I asked here a question about iterating over a Vector
, and I have been answered with some good solutions. But I read about another simpler way to do it. I would like to know if it is good solution.
synchronized(mapItems) {
Iterator<MapItem> iterator = mapItems.iterator();
while(iterator.hasNext())
iterator.next().draw(g);
}
mapItems is a synchronized collection: Vector. Is that make the iterating over the Vector
safe from ConcurrentModificationException
?
Yes, it will make it safe from ConcurrentModificationException
at the expense of everything essentially being single-threaded.
Yes, I believe that this will prevent a ConcurrentModificationException
. You are synchronizing on the Vector
. All methods on Vector
that modify it are also synchronized
, which means that they would also lock on that same object.
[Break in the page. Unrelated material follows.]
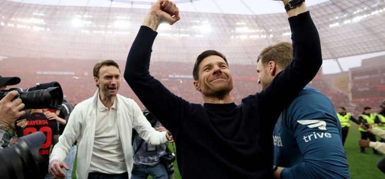 Xabi Alonso celebró por todo lo alto la consecución de la primera Bundesliga de la historia del Bayer Leverkusen, lo que le convierte en el tercer técnico español que consigue el título en las grandes ligas europeas tras Pep Guardiola y Unai Emery.

So no other thread could change the Vector
while you're iterating over it.
Also, you are not modifying the Vector
yourself while you're iterating over it.
Simply synchronizing the entire collection would not prevent a ConcurrentModificationException. This will still throw a CME
synchronized(mapItems) {
for(MapItem item : mapsItems){
mapItems.add(new MapItem());
}
}
You may want to consider using a ReadWriteLock.
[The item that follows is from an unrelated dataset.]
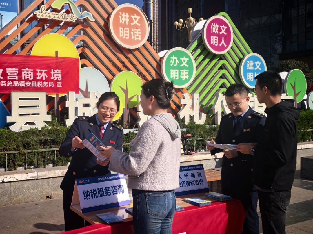 镇安县税务局在中心广场、政务服务中心设置宣传点位,多渠道投放个税汇算、小微企业优惠等政策资料,利用电子屏滚动展播普法内容;组建“税宣小分队”,深入企业一线答疑解惑。

For processes which iterate over the list without modifying its contents, get a read lock on the shared ReentrantReadWriteLock. This allows multiple threads to have read access to the lock.
For processes which will modify the list, acquire the write lock on the shared lock. This will prevent all other threads from accessing the list (even read-only) until you release the write lock.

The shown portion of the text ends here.